WORK INSTRUCTION -
Beginning at the line that contains "This pie starts" and finishing at the line that contains "Fully enclosed and", output the data below exactly. Include both end lines and no pictures.

GIVEN ENTRIES -

★ ★ ★ ★ ★

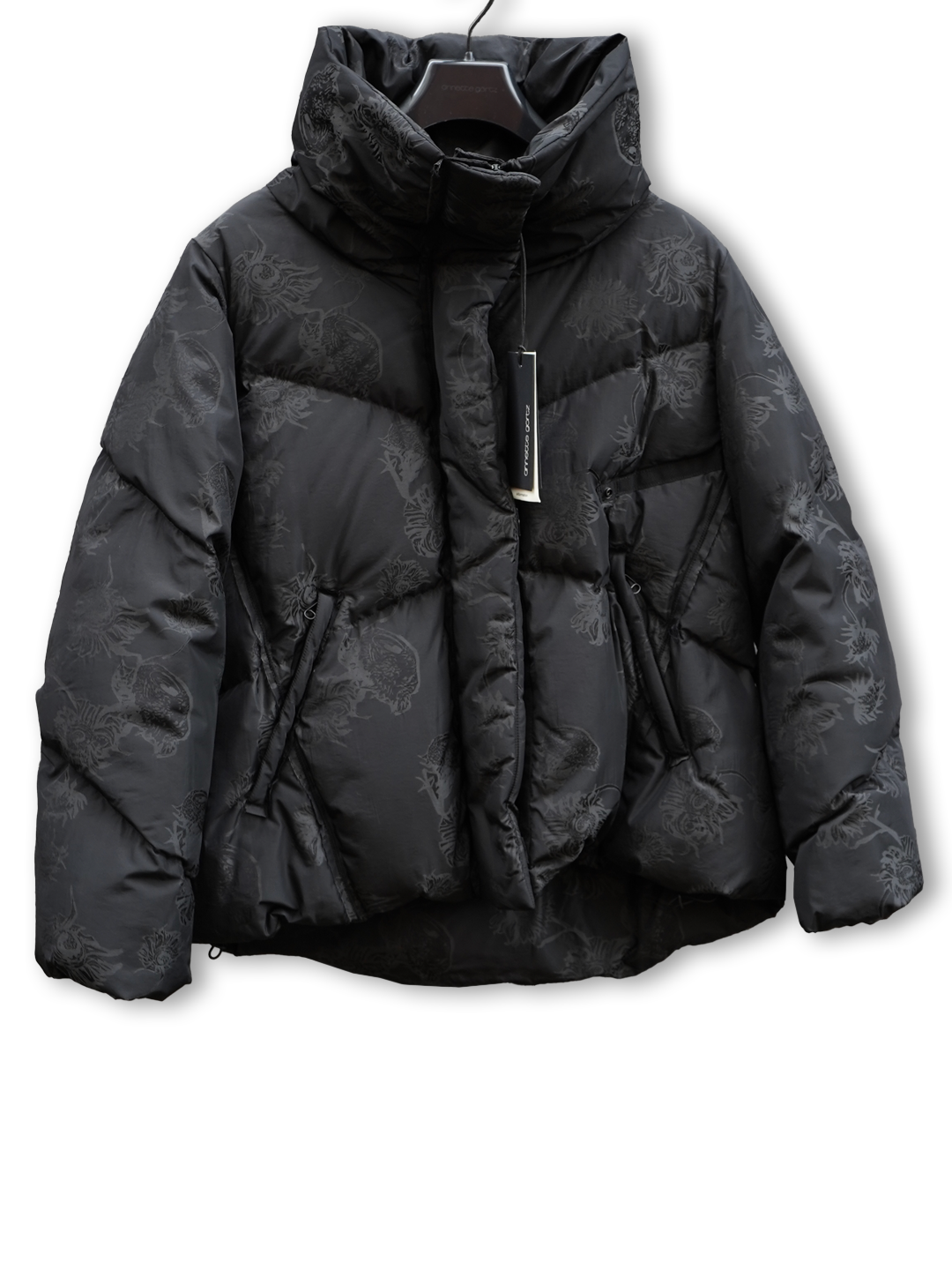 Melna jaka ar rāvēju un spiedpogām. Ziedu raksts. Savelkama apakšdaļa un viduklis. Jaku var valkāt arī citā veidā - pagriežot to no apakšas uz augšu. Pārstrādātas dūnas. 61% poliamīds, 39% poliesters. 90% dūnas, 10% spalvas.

★ ★ ★ ★ ★

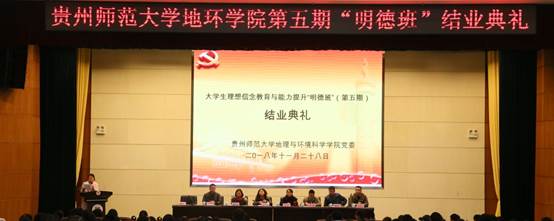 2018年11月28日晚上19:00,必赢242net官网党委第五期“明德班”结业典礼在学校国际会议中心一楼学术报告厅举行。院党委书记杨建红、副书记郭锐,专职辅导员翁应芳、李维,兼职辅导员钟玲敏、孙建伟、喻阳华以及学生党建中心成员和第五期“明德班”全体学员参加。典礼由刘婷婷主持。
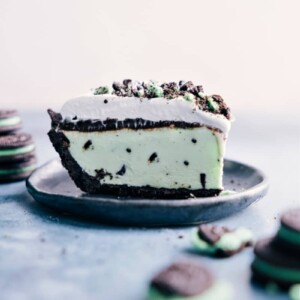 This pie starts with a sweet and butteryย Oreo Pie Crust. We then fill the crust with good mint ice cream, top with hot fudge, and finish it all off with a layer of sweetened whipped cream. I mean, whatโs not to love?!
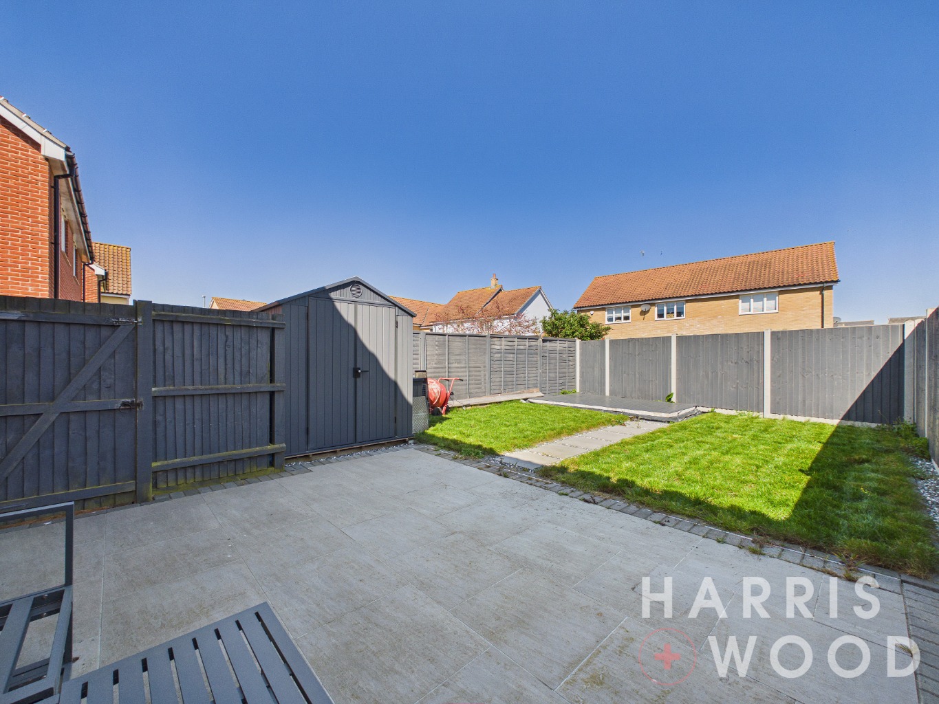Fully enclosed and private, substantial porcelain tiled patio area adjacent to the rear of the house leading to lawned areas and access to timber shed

★ ★ ★ ★ ★

REPLY -
 This pie starts with a sweet and butteryย Oreo Pie Crust. We then fill the crust with good mint ice cream, top with hot fudge, and finish it all off with a layer of sweetened whipped cream. I mean, whatโs not to love?!
Fully enclosed and private, substantial porcelain tiled patio area adjacent to the rear of the house leading to lawned areas and access to timber shed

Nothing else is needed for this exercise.